# Which pannier rack for a disc brake bike



## jayonabike (26 Feb 2012)

I've had a look around the web and I like the look of the Tubus Disco, what others are out there worth considering? The bike it'll be going on will be a Boardman with 700c wheels.


----------



## Crackle (26 Feb 2012)

Is it the Cx with the disc inboard of the seatstays? If so, do you even need a disc specific rack, won't an ordinary one fit?


----------



## jayonabike (26 Feb 2012)

Its the hybrid team.


----------



## potsy (26 Feb 2012)

Not got a Boardman but my disc braked CX has been fitted with one of these-
http://www.wiggle.co.uk/topeak-baby...Topeak-Topeak_BabySitter_Rack_for_Disc_Brakes

Works well and was easy to fit.
Combined with the compatible bag I now have plenty of carrying capacity for the commute.


----------



## Piemaster (26 Feb 2012)

I had the tubus on my Giant Escape for awhile . Eventually swapped it for a topeak supertourist similar to potsy's link, but *non-disc. *With a bit of tweaking in a vice of the ends of the rack it fitted ok without fouling anything.
BTW only swapped out the tubus a I have one of the MTX topeak quick release bags (as per potsy) and the shopping basket. I still have the tubus in the shed somewhere.


----------



## Rickshaw Phil (26 Feb 2012)

> Is it the Cx with the disc inboard of the seatstays? If so, do you even need a disc specific rack, won't an ordinary one fit?
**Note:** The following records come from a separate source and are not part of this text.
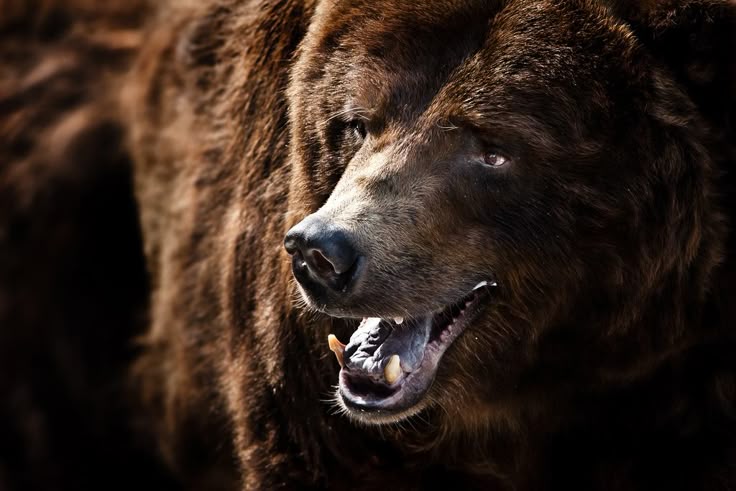 Brauner Bär brüllt hautnah auf dunklem Hintergrund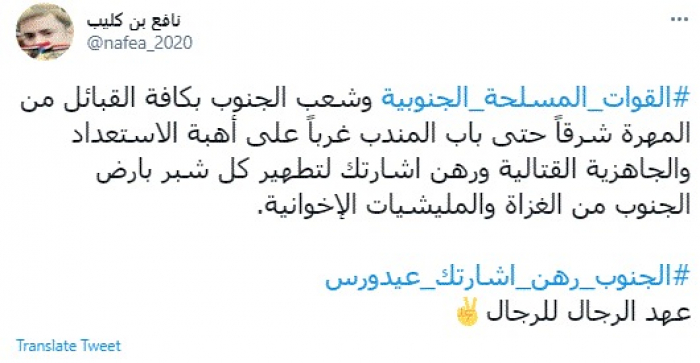 وكتب في تغريدة عبر "تويتر" رصدها "المشهد العربي": "القوات المسلحة الجنوبية وشعب الجنوب بكافة القبائل من المهرة شرقًا حتى باب المندب غربًا على أهبة الاستعداد والجاهزية القتالية ورهن إشارتك لتطهير كل شبر بارض الجنوب من الغزاة والمليشيات الإخوانية".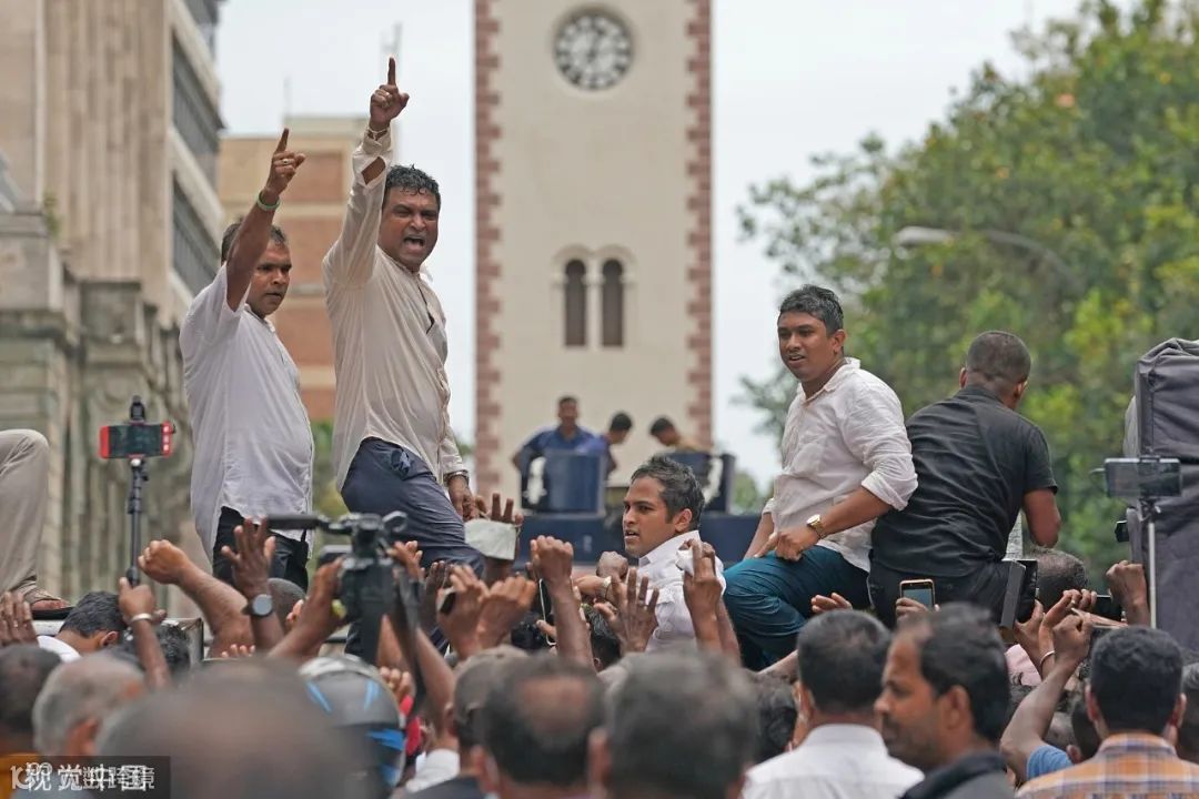 图|当地时间2022年7月6日,斯里兰卡科伦坡,议员纳林·班达拉站在屏障上举行抗议,要求总统戈塔巴雅·拉贾帕克萨辞职

As per Crackle's post, It's possible that you don't need a disc specific rack. Looking at the image on Boardman's website the caliper does appear to be inboard of the seat stays.
I have this weekend transferred a standard rack on to a friend's new Cube which has the caliper in the same place. It fitted fine, better than the old (v-braked) bike in fact.


----------



## User482 (28 Feb 2012)

If you do need a disc specific rack, the Topeak on my wife's bike works fine. It does look a bit odd as the spacing for the disc means it sits slightly off-centre.


----------



## GrumpyGregry (28 Feb 2012)

The rack on my tourer is some generic thing from EBC, and not disc specific skaik. (But what do I know? It was on the bike when I bought it)

Thusly...


----------



## lejogger (28 Feb 2012)

I've got the Boardman CX and as stated earlier it doesn't require a disc specific rack. I went with the Tubus Vega which is a low profile and light weight rack that still has a good load carrying capacity. It's easy to fit and I've been very pleased with it.


----------



## Andrew Br (29 Feb 2012)

I've got a Topeak Super Tourist disc rack on my bike. I went for this particular "disc" rack because I can hang panniers off the sides while still using the track on top for my smaller Topeak bags.
Photos:-




12-02-29 Enigma/Rohloff/ Kinesis DC19 RHS by Chocolatebike1, on Flickr




12-02-29 Enigma/Rohloff rack mounting RHS 3 by Chocolatebike1, on Flickr




12-02-29 Enigma/Rohloff rack mounting RHS 2 by Chocolatebike1, on Flickr




12-02-29 Enigma/Rohloff rack mounting RHS by Chocolatebike1, on Flickr




12-02-29 Enigma/Rohloff/Kinesis DC19 LHS 2 by Chocolatebike1, on Flickr




12-02-29 Enigma/Rohloff rack mounting LHS by Chocolatebike1, on Flickr




12-02-29 Enigma/Rohloff rack mounting LHS 2 by Chocolatebike1, on Flickr




12-02-29 Enigma/Rohloff rack mounting LHS 3 by Chocolatebike1, on Flickr




12-02-29 Enigma/Rohloff rack mounting rear by Chocolatebike1, on Flickr

The chain isn't rusty, it's goldie looking.


.


----------